Another turbo-lurker here (I saw this term used by someone
earlier, and liked it). I'm keeping up with the extropian
list digests when I can find time, and generally enjoying
the discussions.

An idea hit me from out of the blue today while I was pondering
in general about the internet. This idea might be very good if
it holds up well to scrutiny. It's so simple (and probably
naive) that I can't believe that no one else has thought of it,
or shot it down before. I'll sketch it very roughly:


Instead of charging real money in cyberspace, charge
"virtual money" that does not necessarily relate
directly to real money. HTTP servers and other TCP/IP
services could charge by "page", by hit, by entry into
an "area", or whatever from the user's (or agent's)
virtual account.

Let the virtual money establish a value for itself. For
example, one could purchase (using local currency) X
number of credits/tokens (X would depend on the current
state of the market) with your $19.95 ISP monthly fee
($10 of the $19.95 would probably be your connection
fee). If you run out of credits, you can purchase more
from your ISP (or someone else), earn them yourself by
providing info services, etc; if you have extra credits,
you can save them or convert them into real currency.
All charges on the internet would be deductions of
virtual money, not "real money". This could very nicely
solve the international payment problem. This payment
model could apply to digital television programs (pay-
per-view), etc. since such digital data will arguably
be transfered over the net in the future.

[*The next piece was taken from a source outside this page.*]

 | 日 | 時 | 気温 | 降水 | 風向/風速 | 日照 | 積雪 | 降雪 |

This scheme would leave our existing financial system
completely intact. Each country could convert between
their local currency and cyber-credits based on their
current market value. Hell, governments could even tax
such conversions if they wanted to (cyber-transactions
would not be taxed, however, since they would occur in
a global space). The cyber money would be its own neutral
currency, its value based on the market for information
within itself. Any credits that one earned would best be
spent on other internet services, of course (no tax),
and the best way to obtain credits would be to earn them
rather than purchase them in real world currency.
(Businesses would, however, need to "cash in" their cyber
money for real dollars/pesos/etc periodically.) In this
sense, it would be natural to think of cyberspace as a
country with its own currency (and zero transaction
cost--well, at least no taxes on transactions), with
conversion rates to and from the "real world" currencies.

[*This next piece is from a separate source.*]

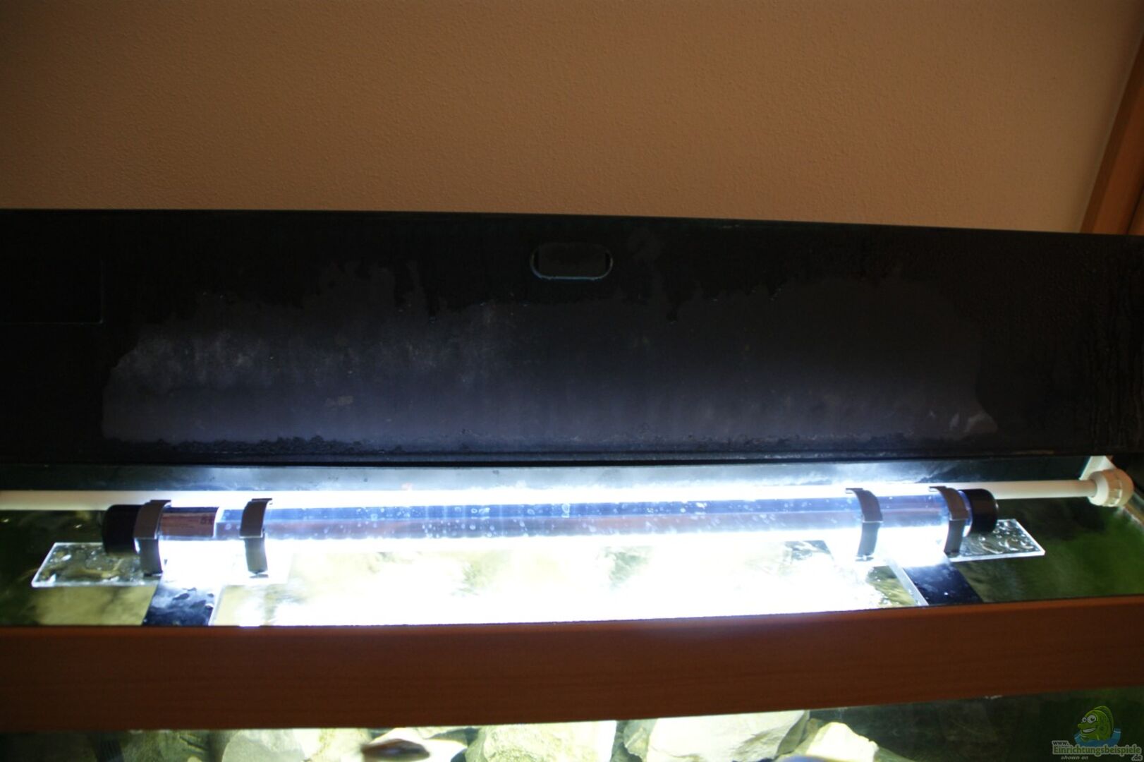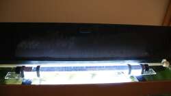 Die LED-Röhre ist im Grunde einfach eine Billiglösung und doch macht sie genau was sie soll: Perfektes Licht für ein Malawiquarium. Da die Röhre nur 80 cm lang ist, entstehen zwangsläufig im Randbereich des 120cm langen Aquariums Schattenzonen. Auch der hinteren Bereich um die Steinaufbauten herum, bleibt es ein wenig dunkler. Der Kringeleffekt ist bei dieser Leuchte trotz eines Verbrauchs von nur 16 Watt absolut top, so dass ich die gerne empfehle, falls jemand sein Aquarium günstig zu einer LED-Beleuchtung umrüsten will.

Many types of information should remain free on the internet,
of course--ADVERTISING (those guys should probably pay us),
for instance. Also, public info, private homepages, general
information, some educational info, etc.

It seems to me that it would be far easier to build an
tracking and verification system into current internet
software that worked with imaginary units of currency
(at first), get it bootstrapped and working, and finally
"turn it on" when everything checked out to the internet
communities approval THAN to place our real world bank
accounts and credit lines "on tap" on the internet. Getting
the later scheme to work internationally will take years,
and is being undertaken by governments and a few powerful
corporations, each seeking to be key middlemen. The
virtual money scheme could be a general software-driven
one operating on open protocols developed by an (adhoc)
international internet commitee, and would not require
the permission of any governments to be deployed. It would
require the support and cooperation of the majority of
internet software developers and commercial businesses,

Is there anything to this idea? Has it been proposed and
shot down already? I realize that it is very sketchy at
this point, but I have details dancing about in my head
should it prove worthy of further development.